<h2> Introduction </h2>
This Jupyter Notebook last updated by Vijay Yevatkar (vjyvtkr@seas.upenn.edu) builds on work done by Shrivats Agrawal (shriv9@seas.upenn.edu) and Ssuying Chen (cssuying@umich.edu) and Emily Oxford (eoxford@umich.edu) to train a BERT model.

<h5> GDELT: </h5>
The GDELT Project (Global Database of Events, Language, and Tone) is the largest, most comprehensive, and highest resolution open database of human society as of now. It connects the world's people, locations, organizations, themes, counts, images, and emotions into a single holistic network over the globe. There are various analysis tools under the GDELT Analysis Service like Event Geographic Network, GKG Heatmap, GKG Word Cloud, and GKG Thematic Timeline.

<h2> Aim: </h2>
The goal of this script is to provide an effective solution to tag datasets fetched from the AWS GDelt database with the corresponding sectors. In that pursuit a Bidirectional Encoder Representations from Transformers (BERT) model is used for predictions.
 

## Importing Libraries

In [2]:
%%capture

!pip install pip --upgrade
!pip install torch
!pip install transformers
!pip install openpyxl
!pip install ipywidgets
!pip install smart_open

In [3]:
import torch
import numpy as np
import pandas as pd
from transformers import BertTokenizer, BertForSequenceClassification

import boto3
from datetime import datetime
from tqdm.notebook import tqdm
import gc, io, re, time, openpyxl

from io import BytesIO 
from smart_open import open as smart_open

## User Inputs

In [4]:
# YEAR = "2015"
# MONTH = "03"

# #----For Reading -----
# S3_LOCATION = "ATHENA_BERT_RESULTS_AFRICA_2015_2023/" + YEAR + "/" + MONTH
# S3_BUCKET = 'sector-classification'
# S3_CLIENT = boto3.client('s3')

# #---For Saving------
# file_location = "Bert_Results_Africa_2015_2023"
# op_file_format = "parquet"

## Functions

In [5]:
# # Function to read parquet files and return a dataframe
# def read_parquet_file(bucket, file_key):
#     obj = S3_CLIENT.get_object(Bucket = bucket, Key = file_key)
#     return pd.read_parquet(io.BytesIO(obj['Body'].read()))

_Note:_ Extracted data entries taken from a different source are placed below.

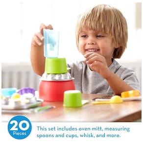 Este conjunto de 20 peças é perfeito para crianças que gostam de brincar de cozinhar. Feitas de materiais premium, como aço inoxidável e madeira maciça, as ferramentas de cozimento são do tamanho certo para mãos pequenas e cozinhas lúdicas. O conjunto inclui luva de forno, colheres e xícaras medidoras, batedor, espátula, tigela, forma de muffin, cortadores de biscoitos, rolo, colher e forma de bolo. Todas as peças são próprias para máquina de lavar louça, feitas de aço inoxidável de alta qualidade, utensílios de madeira maciça e plástico sem BPA. O conjunto Melissa Doug Lets Play House Baking Play incentiva brincadeiras independentes e imaginativas e o desenvolvimento de habilidades motoras. É um ótimo presente para crianças de 3 a 8 anos. A Melissa Doug tem mais de 30 anos de experiência em criar produtos lindamente projetados que estimulam a imaginação e a criatividade das crianças.
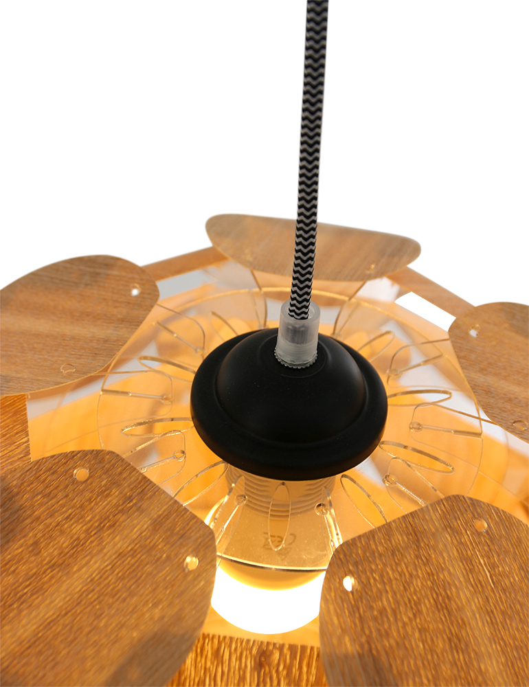 Mögen Sie warme und verspielte Akzente in Ihrer Einrichtung? Dann haben wir die perfekte Lampe für Sie! Die Pendelleuchte ist von der Marke Mexlite und aus der Finn-Kollektion. Der Lampenschirm ist eine Kugel die an eine Blume erinnert. Durch das Holz hat die Lampe eine warme und ruhige Ausstrahlung. Sie erzeugt ein sehr angenehmes und gemütliches Licht. Daher eignet sich diese Pendelleuchte perfekt für Ihr Schlafzimmer oder auch für Ihr Wohnzimmer.
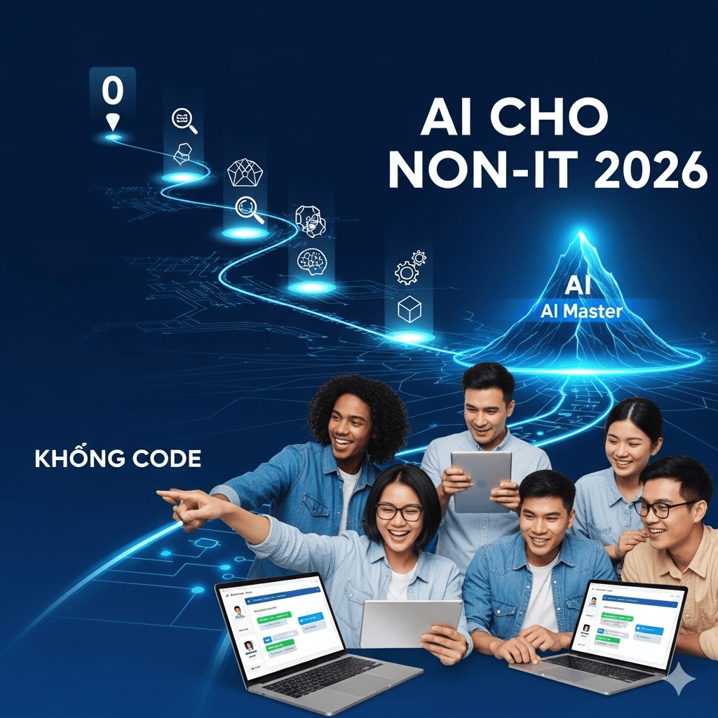 Bạn không phải lập trình viên nhưng vẫn muốn làm chủ trí tuệ nhân tạo? Đây chính là thời điểm vàng. Năm 2026, lộ trình học AI cho Non-IT trở nên dễ tiếp cận hơn bao giờ hết nhờ sự phát triển mạnh mẽ của các công cụ No-Code/Low-Code và Generative AI.
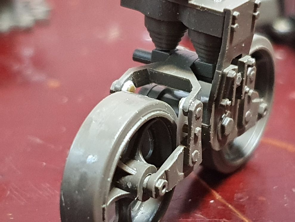 트래일링 서스펜션 부품에 커다란 수축이 있어서 핀바이스로 구멍을 낸 다음 런너 늘인 것을 끼우고, 무수지 접착제를 흘려넣어 밀착시킨 다음에 자르고 다듬으면 감쪽같습니다.

# #Return a list of all parquet files in the folder
# def return_all_files(bucket, location):
#     my_bucket = boto3.Session().resource('s3').Bucket(bucket)
#     files_list = []
#     for file in my_bucket.objects.filter(Prefix = location):
#         file_dict = {"bucket": file.bucket_name, "file_key": file.key}
#         files_list.append(file_dict)
#     return files_list


#Labels Dict
def get_labels_dict():
    file_key = "Data/sasb_full_training.xlsx"
    obj = S3_CLIENT.get_object(Bucket = S3_BUCKET, Key=file_key)

    sasb_data = pd.read_excel(io.BytesIO(obj['Body'].read()), engine = 'openpyxl')
    sasb_data.drop(["Unnamed: 0"], axis=1, inplace=True)
    labels = sasb_data.Sector.unique()
    labels = np.delete(labels, 11)
    
    return {index: label for index, label in enumerate(sorted(labels))}


# #Function to clean and generate column for prediction
# def obtain_text(row):
#     replace_points=['.',"/","\n","https","http",":","www","  "]
#     source=str(row['sourcecommonname'])
#     doc_identifier=str(row['documentidentifier'])
#     themes=str(row['themes'])
#     for replace_symbol in replace_points:
#         source=source.replace(replace_symbol," ")
#         doc_identifier=doc_identifier.replace(replace_symbol," ")

#     try:
#         themes_text= " ".join(re.findall(".*?theme=(.*?),",themes))
#     except Exception as e:
#         themes_text = ""
  

#     pred_text=" ".join([source,doc_identifier,themes_text])
#     pred_text=pred_text.replace("_"," ")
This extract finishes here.